**Requirement**
Each line from the opening of the records that follow to the line with "Deze week helpen" needs to be written out exactly. Add nothing.

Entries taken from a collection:

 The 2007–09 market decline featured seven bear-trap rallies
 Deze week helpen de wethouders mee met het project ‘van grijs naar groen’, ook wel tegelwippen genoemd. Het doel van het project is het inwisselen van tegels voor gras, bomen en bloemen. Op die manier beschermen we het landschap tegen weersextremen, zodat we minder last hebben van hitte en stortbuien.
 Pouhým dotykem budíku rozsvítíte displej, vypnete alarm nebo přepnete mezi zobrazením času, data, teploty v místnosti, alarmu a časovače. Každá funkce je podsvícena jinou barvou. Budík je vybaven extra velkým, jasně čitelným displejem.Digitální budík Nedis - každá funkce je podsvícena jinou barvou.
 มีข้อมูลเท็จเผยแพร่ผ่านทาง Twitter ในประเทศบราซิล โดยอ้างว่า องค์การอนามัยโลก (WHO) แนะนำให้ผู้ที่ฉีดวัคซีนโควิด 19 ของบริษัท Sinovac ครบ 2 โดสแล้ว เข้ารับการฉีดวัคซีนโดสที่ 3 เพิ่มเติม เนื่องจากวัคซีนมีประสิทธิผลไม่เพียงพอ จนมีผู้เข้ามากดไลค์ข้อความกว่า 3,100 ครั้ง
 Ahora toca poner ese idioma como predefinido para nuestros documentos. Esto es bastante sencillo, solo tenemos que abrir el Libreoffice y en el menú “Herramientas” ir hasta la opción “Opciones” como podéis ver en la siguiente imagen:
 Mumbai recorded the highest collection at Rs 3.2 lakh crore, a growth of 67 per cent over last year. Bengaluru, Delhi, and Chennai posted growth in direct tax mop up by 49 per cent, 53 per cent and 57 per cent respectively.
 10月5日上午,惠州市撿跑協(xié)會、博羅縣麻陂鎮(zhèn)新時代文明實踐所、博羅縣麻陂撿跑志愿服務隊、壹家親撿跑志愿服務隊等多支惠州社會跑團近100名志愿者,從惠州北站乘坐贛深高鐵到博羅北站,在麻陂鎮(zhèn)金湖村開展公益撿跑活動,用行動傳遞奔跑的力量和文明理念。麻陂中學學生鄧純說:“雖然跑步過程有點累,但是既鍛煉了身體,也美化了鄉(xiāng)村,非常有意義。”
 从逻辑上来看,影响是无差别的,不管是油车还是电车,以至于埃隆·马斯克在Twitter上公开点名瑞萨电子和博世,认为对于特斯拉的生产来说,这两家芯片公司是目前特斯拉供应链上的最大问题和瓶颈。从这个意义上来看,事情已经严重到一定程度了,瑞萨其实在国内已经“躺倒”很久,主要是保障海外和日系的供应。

**Answer box**
 The 2007–09 market decline featured seven bear-trap rallies
 Deze week helpen de wethouders mee met het project ‘van grijs naar groen’, ook wel tegelwippen genoemd. Het doel van het project is het inwisselen van tegels voor gras, bomen en bloemen. Op die manier beschermen we het landschap tegen weersextremen, zodat we minder last hebben van hitte en stortbuien.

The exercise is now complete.